▶ _WORK TASK_:
For the records below, output word for word the lines from the one with "ROLL OF 1957" up to and including the one with "Daqui a pouco, às". No pictures.

▶ _EXERCISE MATERIALS_:
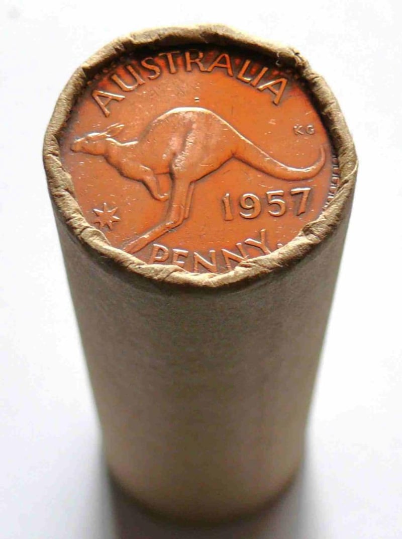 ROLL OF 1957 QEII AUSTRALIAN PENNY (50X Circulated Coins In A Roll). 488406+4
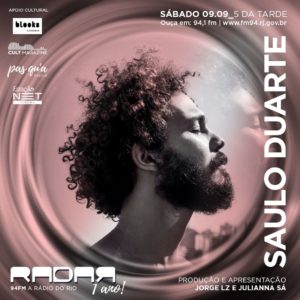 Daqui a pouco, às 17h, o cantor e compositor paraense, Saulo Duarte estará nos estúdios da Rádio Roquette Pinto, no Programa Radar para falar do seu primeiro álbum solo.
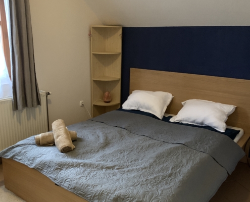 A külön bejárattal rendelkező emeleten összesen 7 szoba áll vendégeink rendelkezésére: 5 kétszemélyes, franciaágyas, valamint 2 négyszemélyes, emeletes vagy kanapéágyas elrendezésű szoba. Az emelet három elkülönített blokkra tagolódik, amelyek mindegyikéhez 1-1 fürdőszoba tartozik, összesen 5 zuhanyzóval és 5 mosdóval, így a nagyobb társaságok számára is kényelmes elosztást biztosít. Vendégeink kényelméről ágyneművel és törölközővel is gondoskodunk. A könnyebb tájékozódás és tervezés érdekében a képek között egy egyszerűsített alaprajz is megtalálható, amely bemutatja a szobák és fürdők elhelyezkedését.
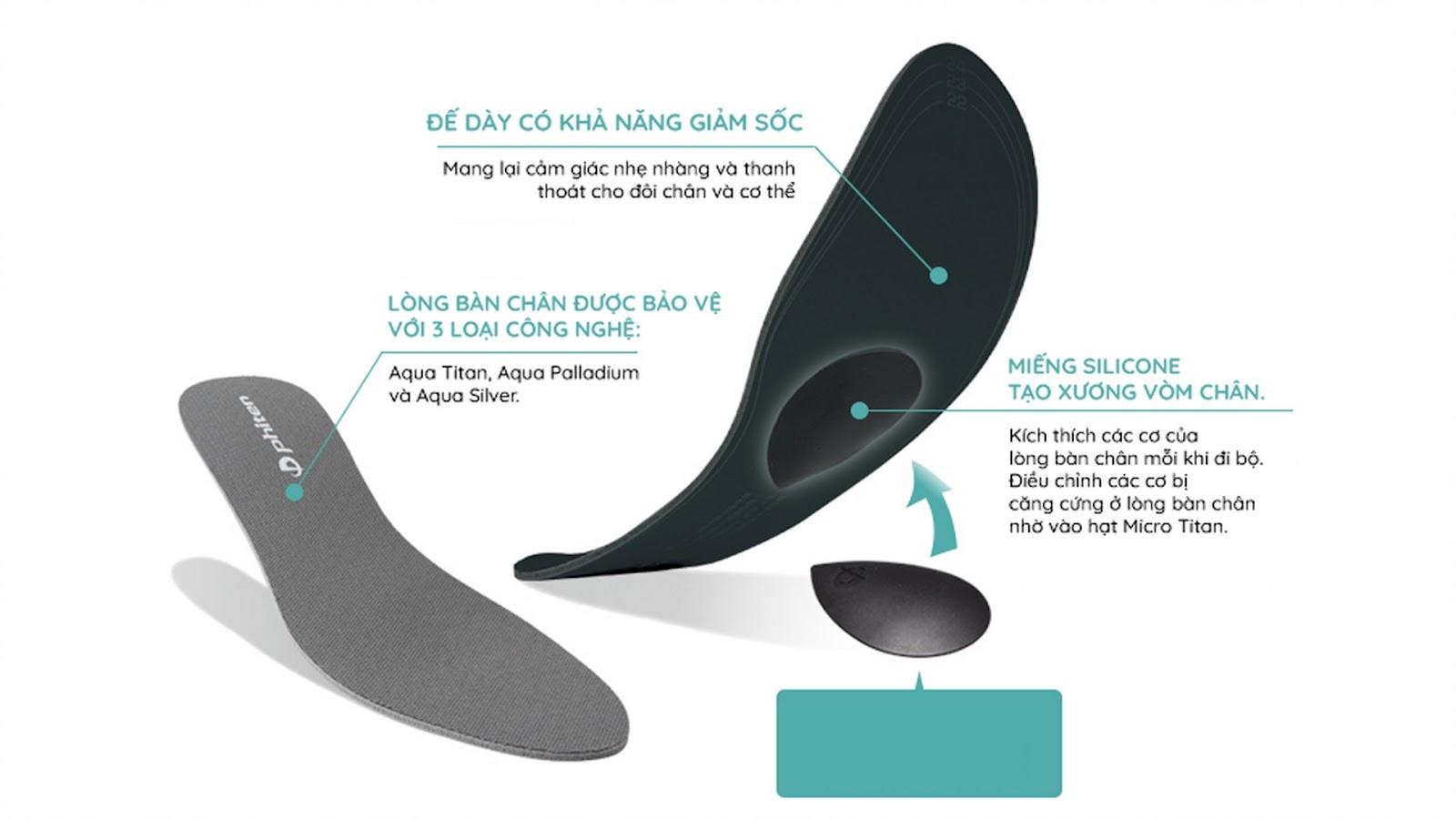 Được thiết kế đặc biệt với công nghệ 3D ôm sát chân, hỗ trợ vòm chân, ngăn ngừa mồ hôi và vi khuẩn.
* * *
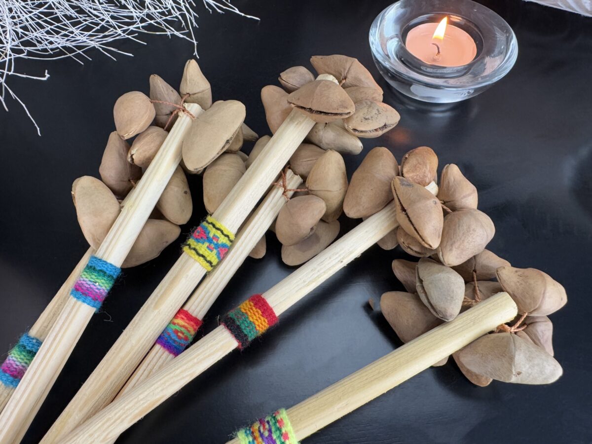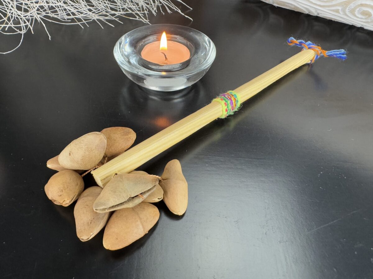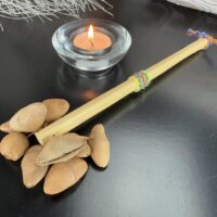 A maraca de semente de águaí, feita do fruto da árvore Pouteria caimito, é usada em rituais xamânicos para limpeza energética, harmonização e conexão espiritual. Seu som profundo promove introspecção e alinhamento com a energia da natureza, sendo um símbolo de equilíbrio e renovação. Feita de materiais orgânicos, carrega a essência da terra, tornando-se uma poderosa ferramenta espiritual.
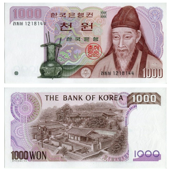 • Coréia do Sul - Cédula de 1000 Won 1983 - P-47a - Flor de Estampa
---
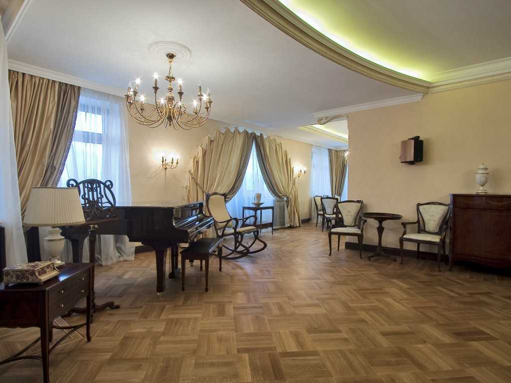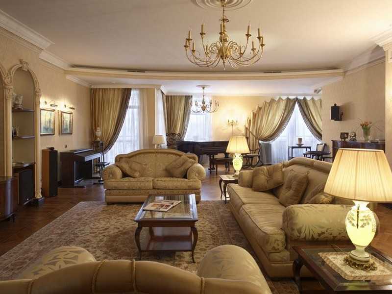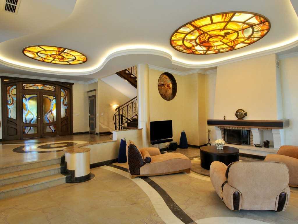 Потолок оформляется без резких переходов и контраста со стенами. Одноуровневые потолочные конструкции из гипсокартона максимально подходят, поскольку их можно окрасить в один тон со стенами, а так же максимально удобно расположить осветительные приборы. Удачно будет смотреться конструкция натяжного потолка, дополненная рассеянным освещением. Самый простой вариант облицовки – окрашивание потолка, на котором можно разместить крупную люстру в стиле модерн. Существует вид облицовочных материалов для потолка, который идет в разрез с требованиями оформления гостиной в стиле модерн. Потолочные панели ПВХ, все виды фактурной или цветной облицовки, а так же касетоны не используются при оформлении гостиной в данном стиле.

▶ _EXERCISE RESPONSE_:
 ROLL OF 1957 QEII AUSTRALIAN PENNY (50X Circulated Coins In A Roll). 488406+4
 Daqui a pouco, às 17h, o cantor e compositor paraense, Saulo Duarte estará nos estúdios da Rádio Roquette Pinto, no Programa Radar para falar do seu primeiro álbum solo.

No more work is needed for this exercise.